Christmas is approaching! Sadly, me and Mathilde are once again spending Christmas apart, me in Finland and Mathilde with her dad and Francoise in La Rochelle. Turns out that the easiest way for Mathilde to get to La Rochelle was to fly from Lyon - so we figured it was the perfect opportunity to spend a romantic weekend in Lyon together before going our separate ways for the festive season.
We'd booked a nice hotel in the Presqu'île part of town, nicely and centrally located between the Rhône and Saône rivers. As we arrived rather late, we decided to head off for a bite to eat right after checking in. We ended up in a cozy little bistros called Le Comptoir d'Ainay, which was recommended by our hotel. Bistros are very much in fashion at the moment in France, and I do rather like the concept. What characterizes these places nowadays is often a rather short menu (which suggest that they actually cook their food, rather than use a microwave oven), the use of in-season ingredients, a modern interior and friendly/informal service. This place was a rather typical example of one, in a good way. Tasty food, excellent service, a nice interior design - basically the perfect setting for an intimate meal after a long drive.
The next day, the plan was to meet up with our friends Ollie and Raphaelle (as well as their little ones, Lucas and Louis) for lunch, and then with Karine and Johan (as well as their young ones) for dinner. After a bit of a lie-in followed by breakfast at the hotel, we made our way to the Confluence shopping complex, a new "shopping heaven" located not too far from our hotel. Much to our amazement, the place was not overrun by last-minute Christmas shoppers like us - thanks god for that! So we managed to get our present acquisitions done rather efficiently.
As far as lunch was concerned, we ended up (after some rather last-minute planning) meeting up with Ollie, Raphaelle, her sister and their little ones at a place called Le Morgon, located near the main train station. Le Morgon is a bouchon, a type of restaurant that can really only be found in Lyon. Traditionally it's a rather simple, no-nonsense place serving up traditional Lyonnaise cuisine (which basically means offal in its various forms!) with some local red wine.
This place certainly qualifies as a proper Bouchon - the interior decor is traditional and simple (no mis-placed efforts to look "rustic" as some of the more famous bouchons in the old town resort to). And the food is indeed mostly of the offal variety (with a couple of "normal dishes" like magret de canard on the menu for the less adventurous-minded). So what's the verdict ? I'm not normally into offal, but the tablier de sapeur I had here did make me re-evaluate my opinion about this type of food - I wouldn't say I've been converted but I'll certainly be less reluctant to try this type of food in the future. But what I liked most was the no-nonsense, authentic atmosphere of the place. Thankfully places like this, which proudly keep up old traditions, still exist in this globalized world we live in.
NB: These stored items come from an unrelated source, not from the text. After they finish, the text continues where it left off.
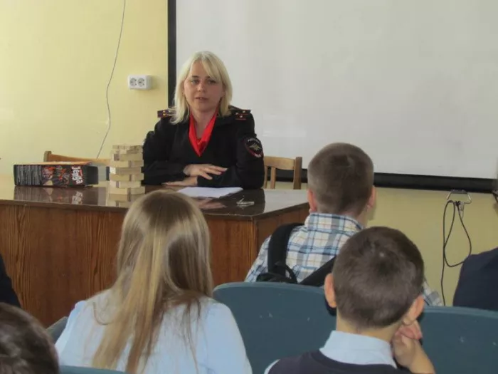 В преддверии летних каникул, когда школьники будут больше времени проводить на свежем воздухе без родительского контроля, юрисконсульт правового направления капитан внутренней службы Олеся Васильевна Баринова напомнила ребятам правила собственной безопасности несовершеннолетних и правила поведения в общественных местах. Кроме этого, она напомнила ребятам об ответственности за курение и распитие спиртного в общественном месте. Во время беседы особо разбирались ситуации, когда необходимо обратиться в экстренные службы города, а также об ответственности за ложное сообщение о заложенном взрывном устройстве.
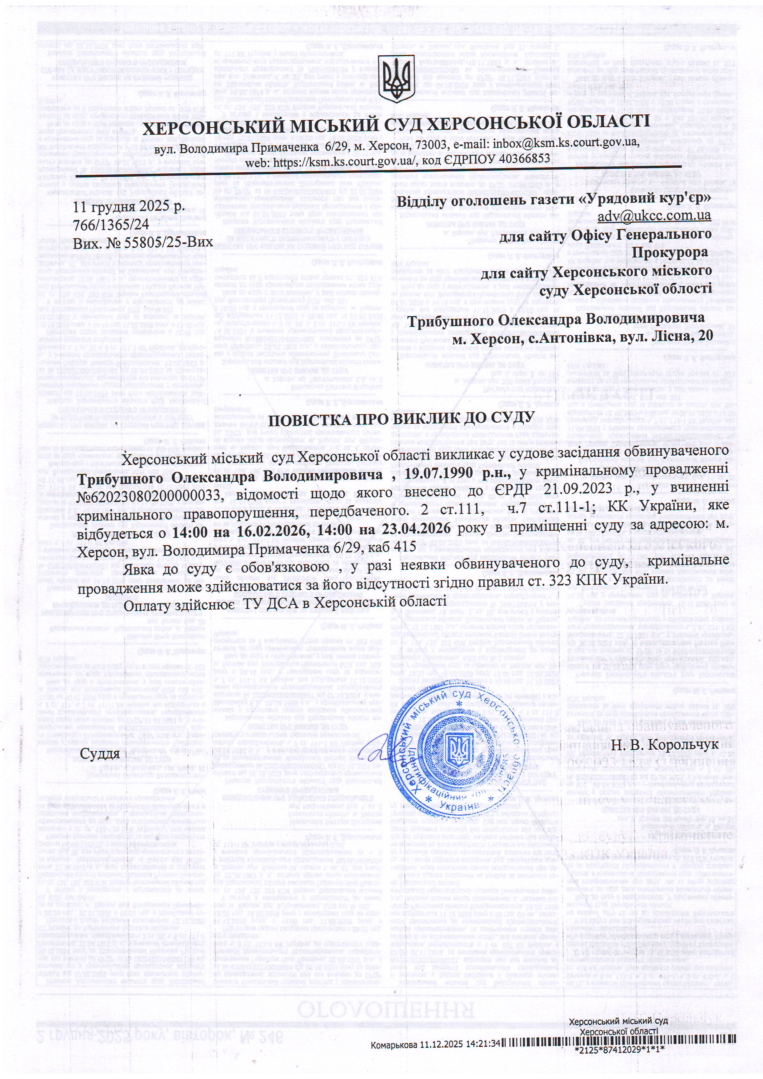ОГОЛОШЕННЯ ПРО ВИКЛИК ДО СУДУ
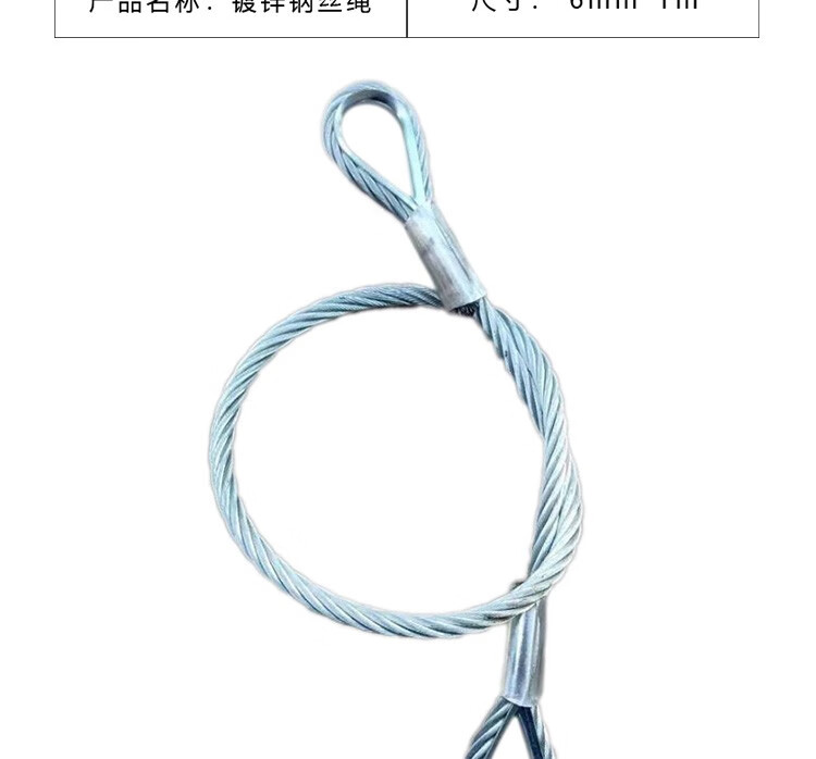 商品名称:晟泰邦 6mm8mm24mm 双扣 压制 镀锌钢丝绳 带油吊索具 铝压扣 压头 插编 压套 起重吊具 镀锌压制6mm*1m 单位:卷
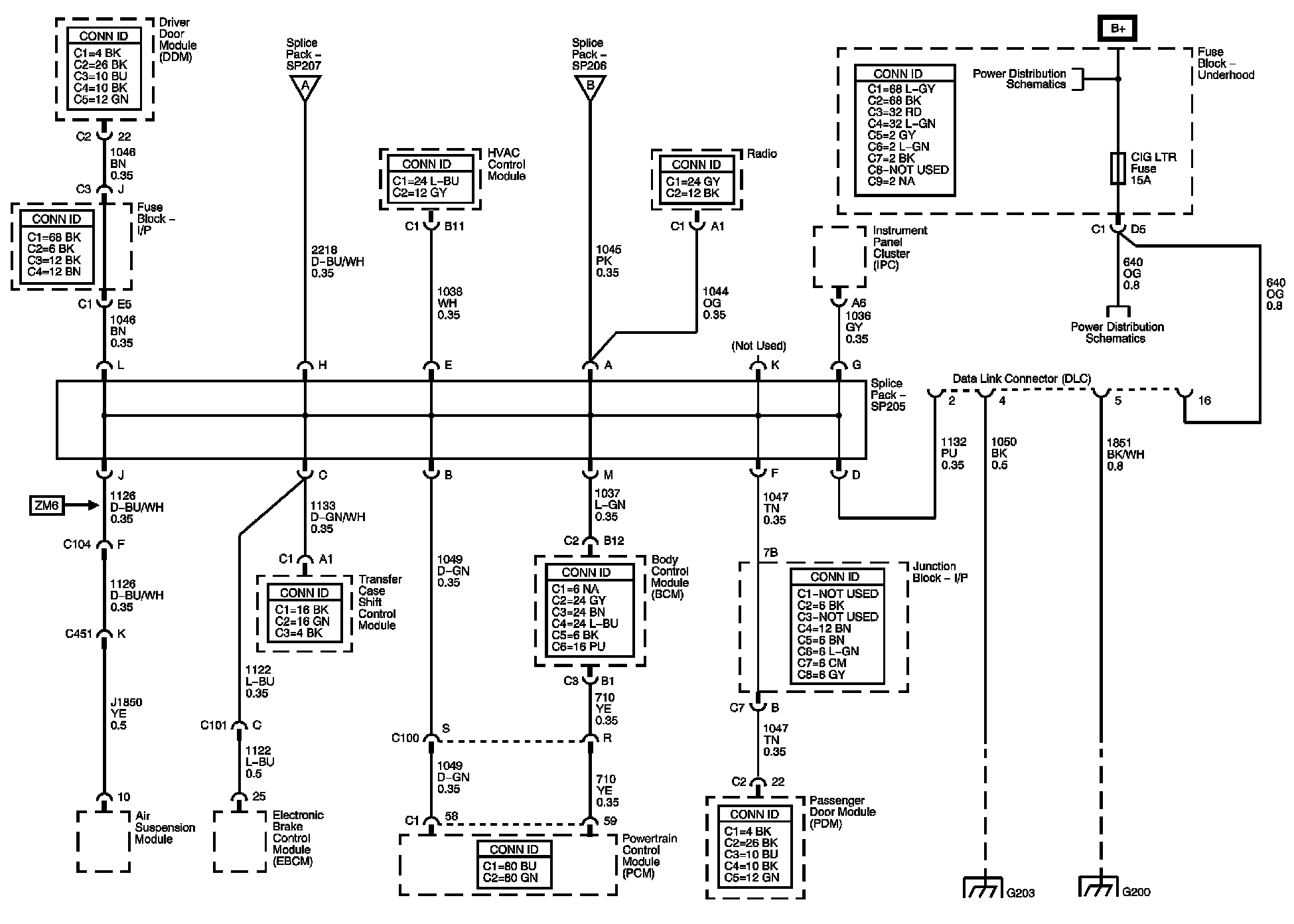 Power, Ground, Data Link Connector, and SP205
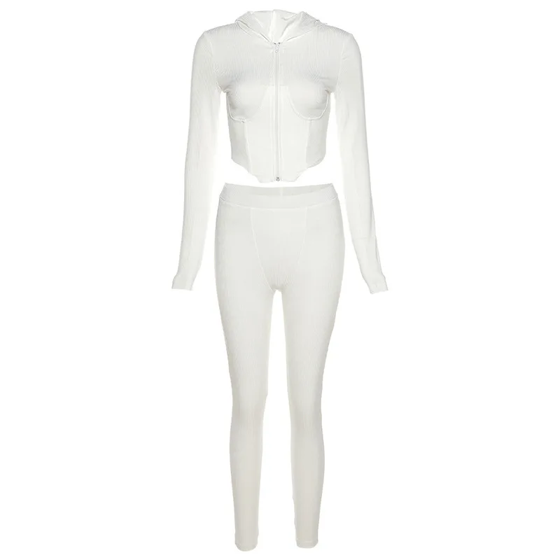 Повседневный Женский Байкерский комплект из двух предметов, куртка на молнии с капюшоном и длинные брюки, спортивный костюм, одежда для женщин, 2021
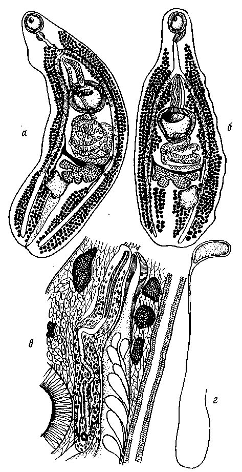 а, б — мариты; в — концевой участок полового аппарата; г — яйцо с филаментом
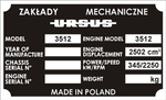 Tabliczka znamionowa URSUS C335
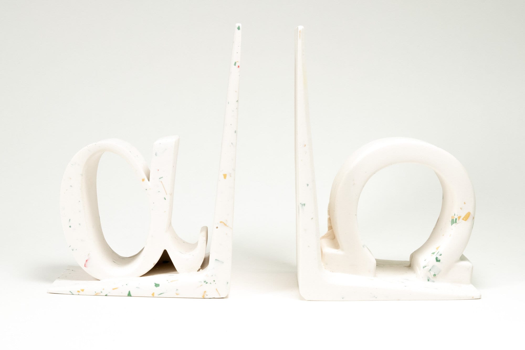 Handmade Jesmonite bookends with a fine white base with yellow and green terrazzo particles, in the ...
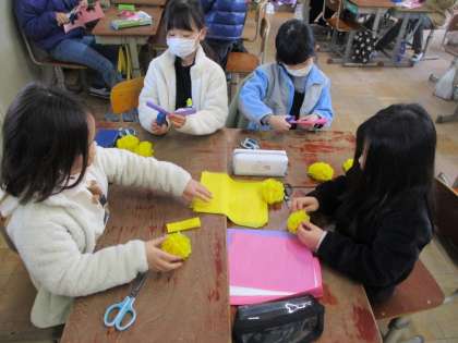 お祝いするためのかざり作りをしています。
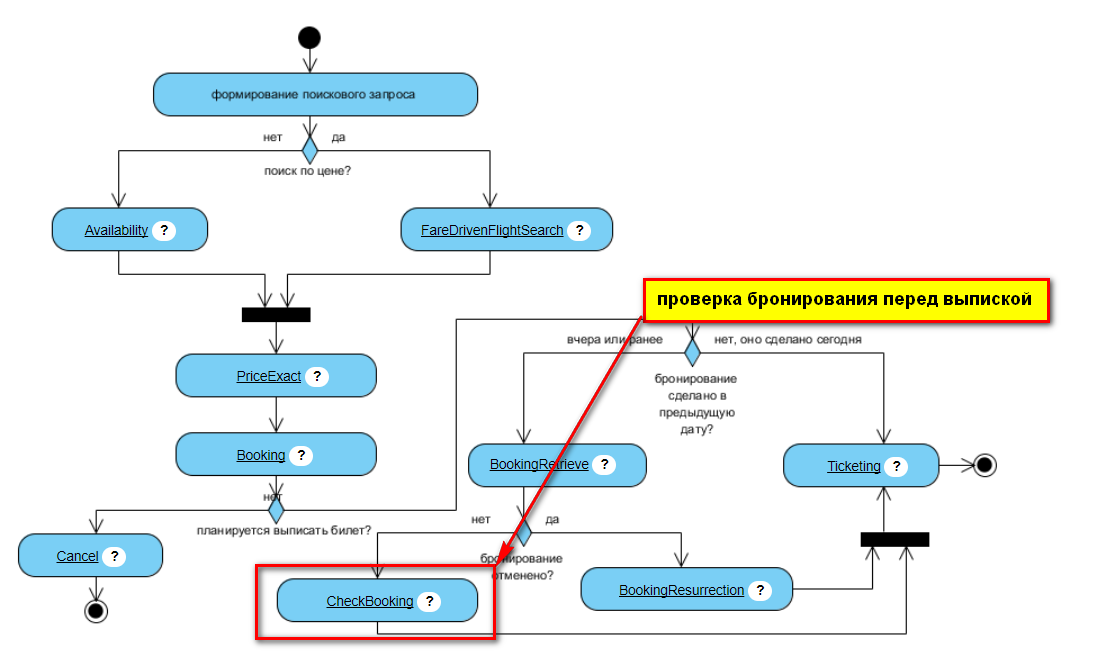 Сервис CheckBooking (Проверка бронирования перед выпиской) — следующий шаг, после BookingRetrieve, в случае, если бронирование подтверждено.
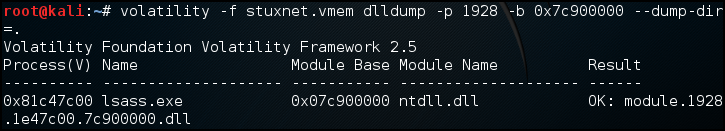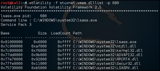 dlllist를 정상적인 프로세스를 확인했다.

So, the verdict is: I loved the place.
After a rather long and filling lunch (in proper French tradition), we had coffee at Olivier's and Raphaelle's flat, after which Ollie took us out on a bit of a local tour with young Lucas. After checking out the local park, we made our way to a rather unusual tourist attraction called Les Gratte-Ciels, a rather surprising architectural ensemble built in Villeurbaine (the commune which together with Lyon makes up "Greater Lyon"), from 1927 and 1934. It's basically a collection of sky-scrapers, built in modernist styles, which wouldn't look out of place in New York or Chicago. Really cool place - we also liked the theatre and town halls, built in similar style. I also had my first vin chaud based on white wine here - now that's something for the history books ;-)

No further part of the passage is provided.